A vessel contains `O_2` and `H_2` in 2 : 1 molar ratio at 10 atm pressure then calculate ration of their rate of diffusion .

To solve the problem of finding the ratio of the rates of diffusion of \( O_2 \) and \( H_2 \) in a vessel containing them in a 2:1 molar ratio at 10 atm pressure, we can use Graham's law of effusion.

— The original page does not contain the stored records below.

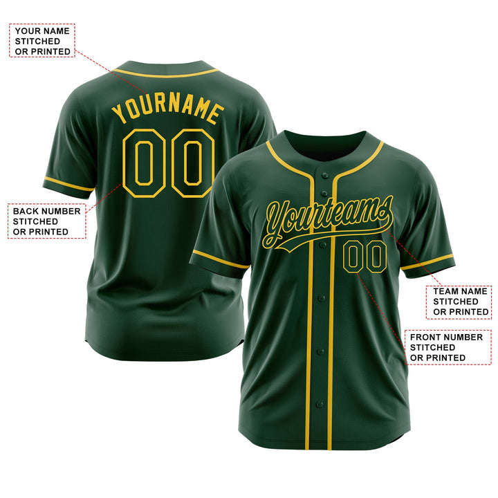Custom Green Green-Gold Classic Style Authentic Sports Baseball Jersey
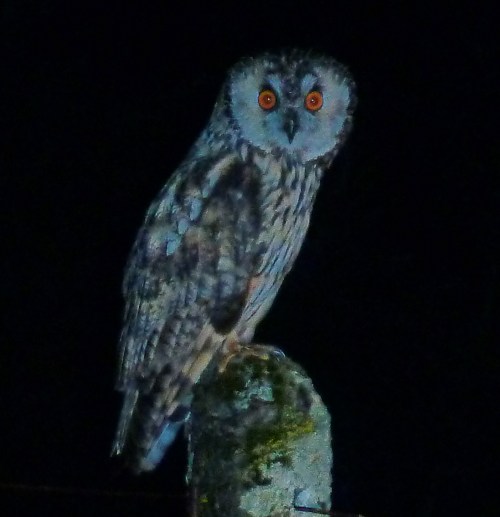It’s ten miles into Dumfries, and there’s always something to see when you drive the distance late at night. I routinely see barn owls and tawny owls, but I was proud to be able to identify a long eared owl on a fencepost as I drove past at twenty five miles an hour, and prouder still that I came away with a picture of it. I think long eared owls are great, and this is only the second one I have ever seen. Their eyes are the giveaway, and there is something sinister about the peculiar orange glow they have, even in dull weather or partial darkness.
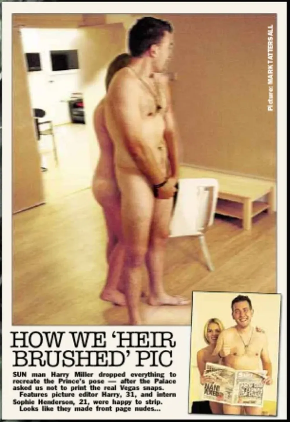 The Sun recreó la foto del príncipe Harry desnudo con una pasante
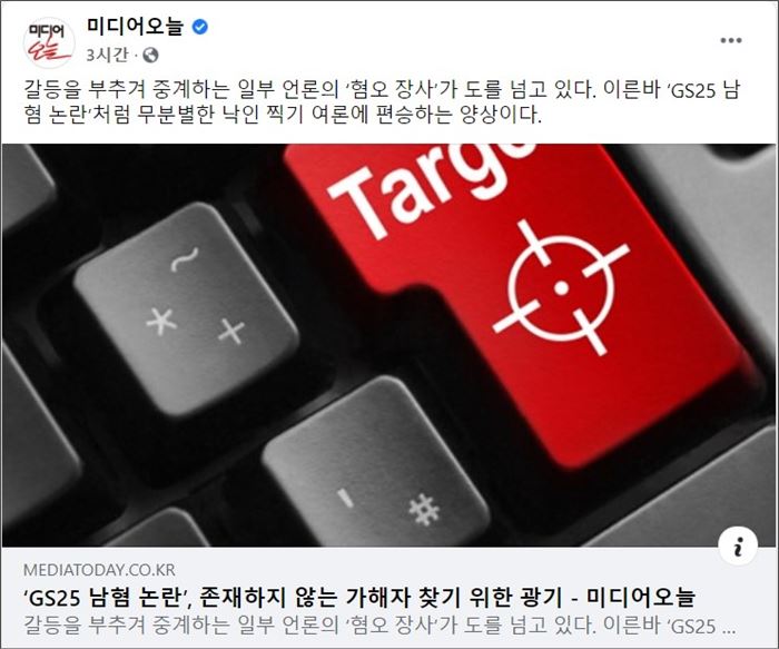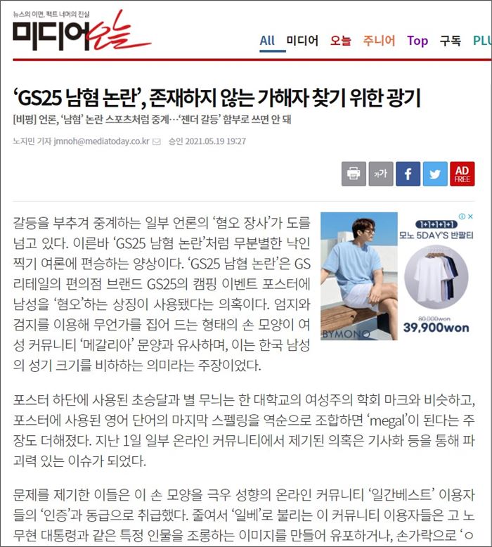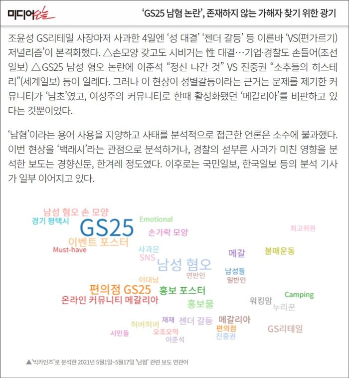 미디어오늘이 GS25 남혐손가락 논란 관련 보도를 비평하는 기사를 썼다.
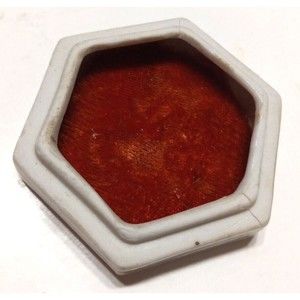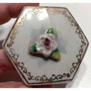 Vintage Hand Painted Porcelain Trinket Box Occupied Japan Floral Hexagon FLAW. this sweet little trinket or jewelry dish is 2.5 inches across in every direction. it features a hand painted floral design on top with a raised flower and gold flourishing around the border on the top. The bottom has been broken and repaired. It can not be seen from the top or the inside due to the velvet lining. It is just too sweet to not let it find a new home! Please see pictures for more details. *D 2
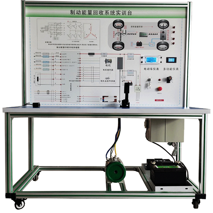 2.實現(xiàn)純電動車制動能量回收系統(tǒng)結(jié)構(gòu)及原理的認(rèn)知,可操作體驗制動能量回收系統(tǒng)的工作過程,可完成制動能量回收系統(tǒng)性能檢測,輔以發(fā)光二極管進(jìn)行系統(tǒng)能量流向的動態(tài)指示。
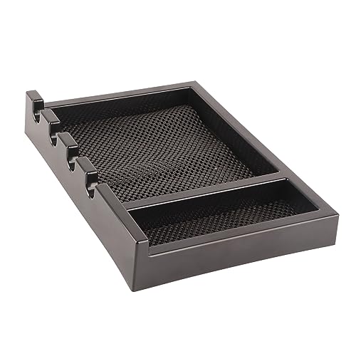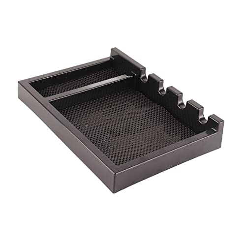 【CAPACITÀ ELEVATA】 Il vassoio professionale da barbiere per stilisti è dotato di 4 tacche sul fondo in modo che i tagliacapelli a filo possano essere inseriti senza che i fili si aggroviglino o intralcino. Robusto e antiscivolo, questo vassoio per tagliacapelli può contenere fino a 4 tagliacapelli a filo o 6 tagliacapelli / trimmer a batteria. Il piccolo scomparto è utile per tenere fermagli o pettini.
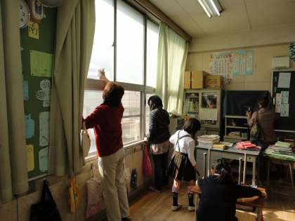 普段、手が届きにくい棚の上や窓ガラスをふくだけでなく、特別教室やトイレ、
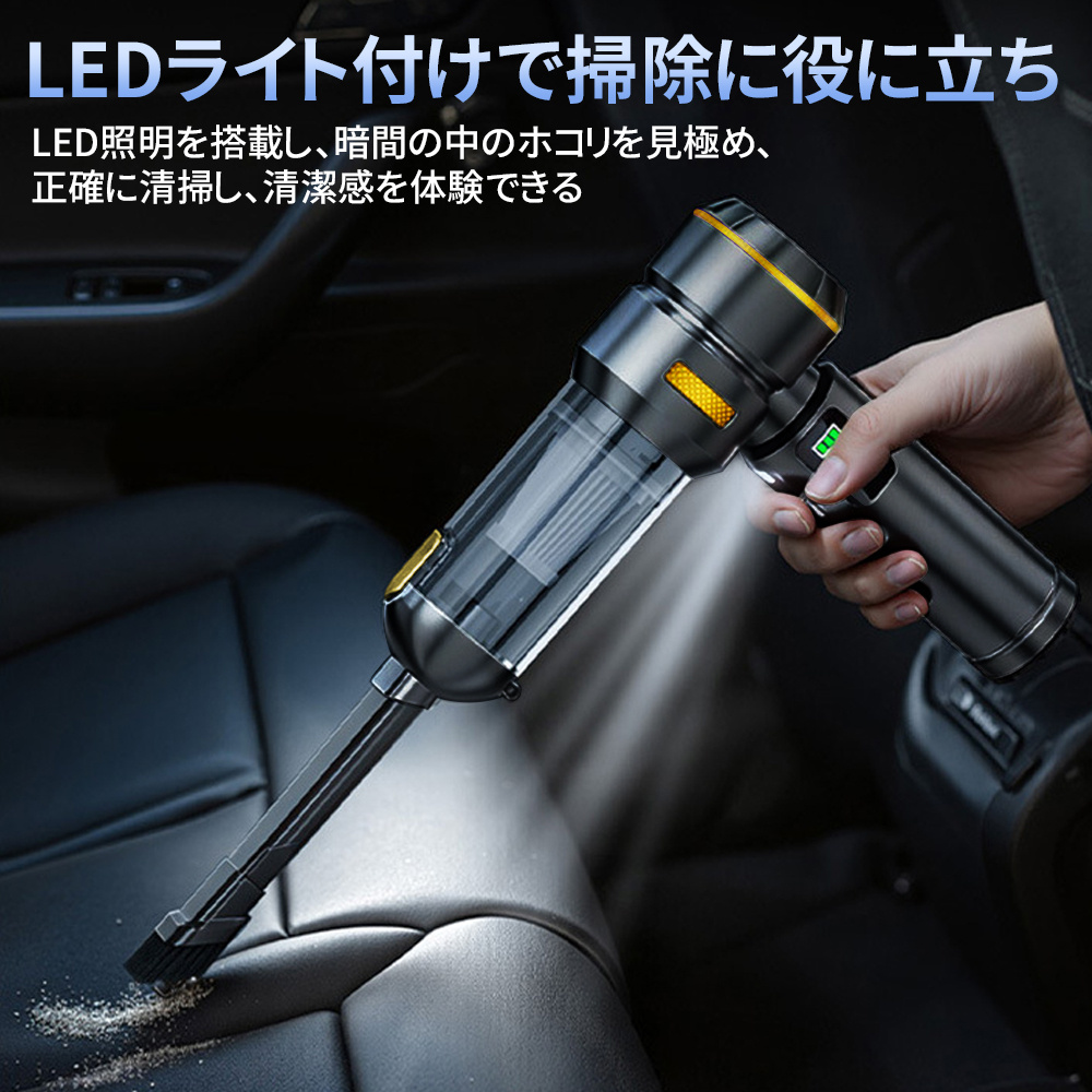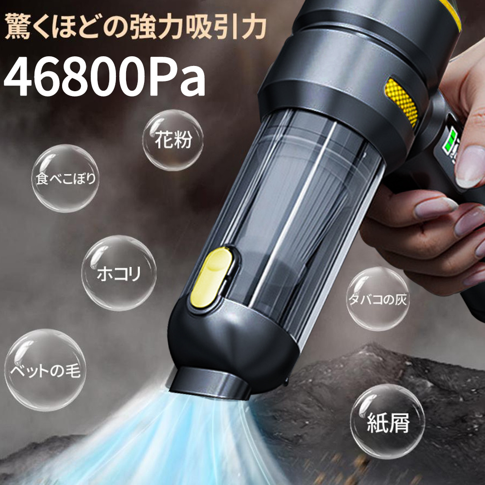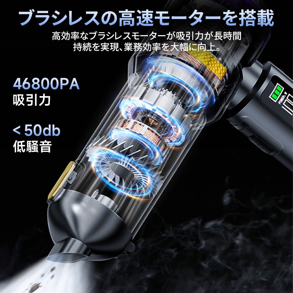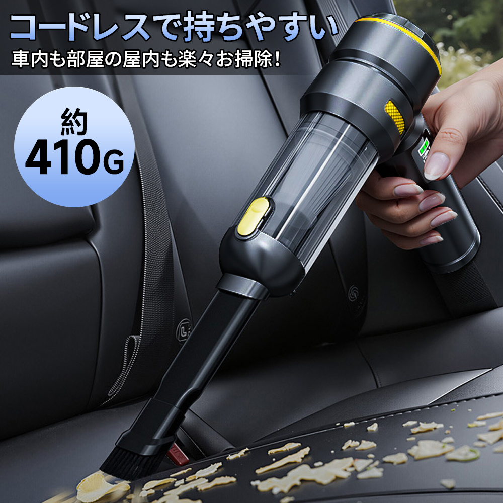 ブラシレスの高速モーターを採用して、約410g軽さながら最大46800PAの強力な吸引力で、食べこぼし、タバコの灰、粉末の物、ペットの毛、髪や車の中の小石などを手軽にお掃除可能です。部屋の隅々まで届きます、掃除はすべてお任せください。 コードレスで、掃除する時にゴチャゴチャしているコードからの邪魔がなく、愛車のクリーニングをスムーズに行えます。

Here are the steps to calculate the required ratio: ### Step 1: Understand Graham's Law Graham's law states that the rate of diffusion of a gas is inversely proportional to the square root of its molar mass. Mathematically, it can be expressed as: \[ \frac{r_1}{r_2} = \sqrt{\frac{M_2}{M_1}} \] where \( r_1 \) and \( r_2 \) are the rates of diffusion of gases 1 and 2, and \( M_1 \) and \( M_2 \) are their molar masses. ### Step 2: Identify the Gases and Their Molar Masses In this case, we have: - \( O_2 \) (oxygen) with a molar mass \( M_{O_2} = 32 \, g/mol \) - \( H_2 \) (hydrogen) with a molar mass \( M_{H_2} = 2 \, g/mol \) ### Step 3: Calculate the Ratio of Molar Masses Using Graham's law, we can set \( O_2 \) as gas 1 and \( H_2 \) as gas 2: \[ \frac{r_{O_2}}{r_{H_2}} = \sqrt{\frac{M_{H_2}}{M_{O_2}}} = \sqrt{\frac{2}{32}} = \sqrt{\frac{1}{16}} = \frac{1}{4} \] ### Step 4: Consider the Molar Ratio and Pressure The problem states that the molar ratio of \( O_2 \) to \( H_2 \) is 2:1. This means that for every 2 moles of \( O_2 \), there is 1 mole of \( H_2 \). The pressures of the gases can be related to their mole fractions: \[ \frac{P_{O_2}}{P_{H_2}} = \frac{n_{O_2}}{n_{H_2}} = \frac{2}{1} = 2 \] ### Step 5: Adjust the Rate of Diffusion Ratio Now, we need to adjust the rate of diffusion ratio considering the pressures: \[ \frac{r_{O_2}}{r_{H_2}} = \sqrt{\frac{M_{H_2}}{M_{O_2}}} \cdot \frac{P_{H_2}}{P_{O_2}} = \frac{1}{4} \cdot \frac{1}{2} = \frac{1}{8} \] ### Step 6: Final Ratio of Rates of Diffusion Thus, the final ratio of the rates of diffusion of \( O_2 \) to \( H_2 \) is: \[ \frac{r_{O_2}}{r_{H_2}} = \frac{1}{8} \] ### Conclusion The ratio of the rate of diffusion of \( O_2 \) to \( H_2 \) is \( 1:8 \).